Seattle trial attorney David Beninger, who handles medical malpractice and products liability suits, is concerned about a trend by doctors and hospitals nationwide to restrict the use of video cameras at childbirths.
Beninger of the Luvera Law Firm in Seattle relied on a personal video in securing a $2 million settlement for a family that sued over the death of their child. Degel v. Anderson, No. 99-2-08978-1 (Snohomish Co., Wash., Super. Ct.). He argued that complications in childbirth caused the baby to get sick and eventually die of pneumonia, which contradicted the medical records.
“My position is: A doctor that is concerned at all about frivolous lawsuits and malpractice should welcome videotapes,” Beninger said. “A doctor who has nothing to hide should embrace this.”
Larry Veltman, who chairs the professional liability committee for the American College of Obstetricians and Gynecologists, noted that doctors are moving further away from allowing videos of childbirth.
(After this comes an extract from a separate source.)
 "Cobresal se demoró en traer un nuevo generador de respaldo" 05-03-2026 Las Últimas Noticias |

But it’s not because they have anything to hide, he said.
“Attorneys may disagree with this, but this is primarily about patient safety and our ability to do our jobs in a safe way,” Veltman said.
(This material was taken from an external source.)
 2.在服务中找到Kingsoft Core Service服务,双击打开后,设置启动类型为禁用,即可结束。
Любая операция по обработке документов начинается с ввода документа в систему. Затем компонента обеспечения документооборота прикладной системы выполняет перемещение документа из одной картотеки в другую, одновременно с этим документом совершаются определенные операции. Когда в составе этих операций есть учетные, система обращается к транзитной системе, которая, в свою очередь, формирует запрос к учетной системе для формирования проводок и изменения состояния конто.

Criminal defense attorney Timothy Rien, a solo in Livermore, Calif., noted that he too has had to jump through hoops in recent years to obtain electronic evidence from opposing counsel. He said while he does have some reservations about technology and its impact on people’s privacy, he said that he would rather litigate in a world that has such technology than in one that does not.
“I’m not going to cut my nose off to spite my face,” said Rien, who has relied on black-box data to win lawsuits. “We’ve got to be vigilant in balancing what benefits we get from technology against the burdens we suffer from its misuse.”
The e-mail arena
And then there’s e-mail, which is described by many lawyers as the hottest area of litigation. Companies and attorneys are at war over what a business must do to produce e-mail records, and who is going to pay for it.
“New rules are trying to address the burdens and the degree of how far does a company have to go to produce these e-mail records,” said attorney Eric Rosenberg, an e-mail policy expert and owner of Litigation Proofing, which counsels companies on electronic record-keeping.
The new rules that Rosenberg is referring to are recent proposals by the Judicial Conference of the United States, the policy-making arm of the federal courts, which has proposed amendments to the federal rules of civil procedure that will clarify to what extent companies have to save and recover e-mails, as well as who is responsible for paying for it.
Lisa Sotto, a privacy expert with the New York office of Hunton & Williams, said there is a great need for for new rules surrounding electronic data. She noted that discovery rules, which treat e-mails the same as paper records, need to be changed because they place an unfair burden on companies ordered to dig through potentially millions of records.
“You could have this enormous fishing expedition,” she said. “Who is going to bear the burden of that cost?”
Kevin Lyles, who chairs the privacy practice for Jones Day in its Columbus, Ohio, office, agreed, saying plaintiffs’ attorneys often use e-mail requests as a weapon to secure a settlement. He said that some companies might prefer to settle a case than to dig through countless computer files.
Lyles added that companies don’t refuse to turn over e-mails because they don’t want to, but because it can be an enormous task.
“Electronic discovery lawsuits are just an enormous challenge for big business,” Lyles said. “When you get a discovery request for e-mail, how do you go about doing that as a corporation short of having every employee looking through their files. It’s a huge challenge.”
“Well that’s too bad,” said Tom Vesper of Westmoreland Vesper & Quattrone in Atlantic City, N.J., who argues that if there’s an electronic record out there that proves a case, then a company is obligated to find it and turn it over.